155. No que diz respeito à constatação do Tribunal de que o método de
execução da pena de morte por enforcamento é intrinsecamente
degradante e está em conformidade com a própria razão de ser da
proibição de métodos de execução que equivalem à tortura ou a
tratamentos cruéis, desumanos e degradantes, a prescrição deve, por
conseguinte, ser a de que, nos casos em que a pena de morte não foi
abolida, os métodos de execução devem excluir o sofrimento ou implicar o
menor sofrimento possível.39 Por conseguinte, o Tribunal ordena ao Estado
Demandado que tome todas as medidas necessárias para eliminar o
‘‘enforcamento’’ das suas leis como método de imposição da pena de
morte.
38
Ally Rajabu e outros v.

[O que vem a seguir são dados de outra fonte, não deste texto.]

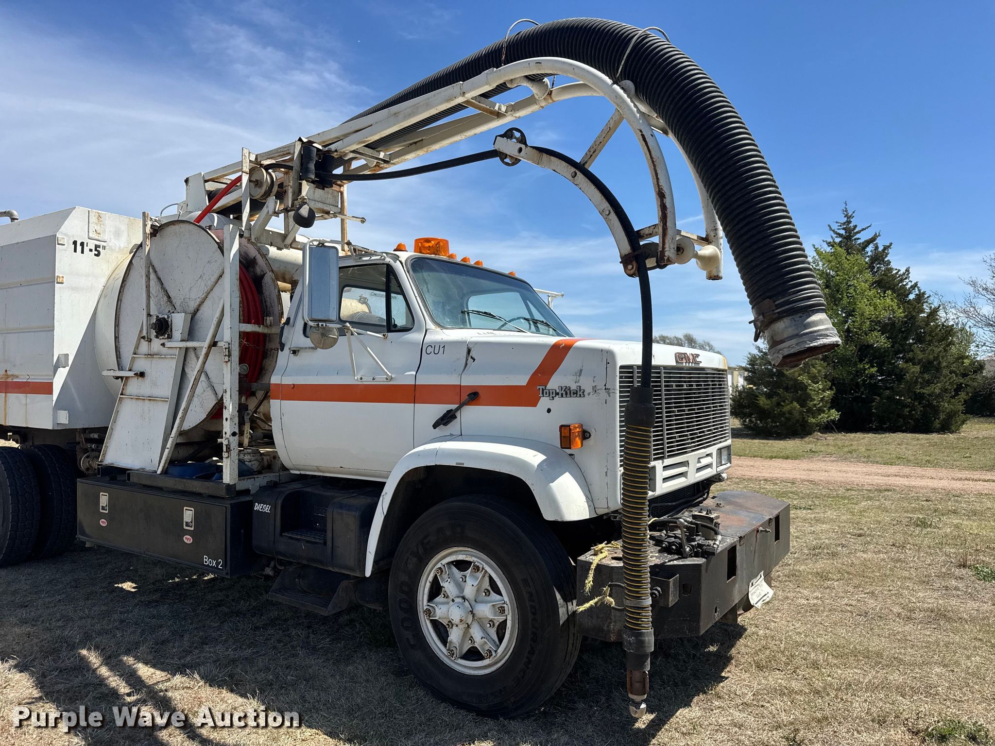 Purple Wave is selling a used Vacuum Truck in Kansas. This item is a 1984 GMC Top Kick sewer jetter truck with the following: Miles: 12,829 on odometer, Miles: Actual unknown, Hours: 4,268 on meter, VIN: 1GDP7D1Y0EV504463

Tanzânia (méritos e reparações) (28 de Novembro de 2019) 3 AfCLR 539, §
163; Amini Juma v. Tanzânia, TADHP, Petição n.º 024/2016, Acórdão de 30 de Setembro de 2021
(méritos e reparações), § 170; Gozbert Henerico v. Tanzânia, TADHP, Petição n.º 056/2016, Acórdão
de 10 de Janeiro de 2022 (méritos e reparações), § 207; Ghati Mwita v. Tanzânia, TADHP, Petição n.º
012/2019, Acórdão de 1 de Dezembro de 2022 (méritos e reparações), § 166.
39 Ally Rajabu e Outros v. República Unida da Tanzânia (méritos e reparações) (28 de Novembro de
2019) 3 AfCLR 539 § 118.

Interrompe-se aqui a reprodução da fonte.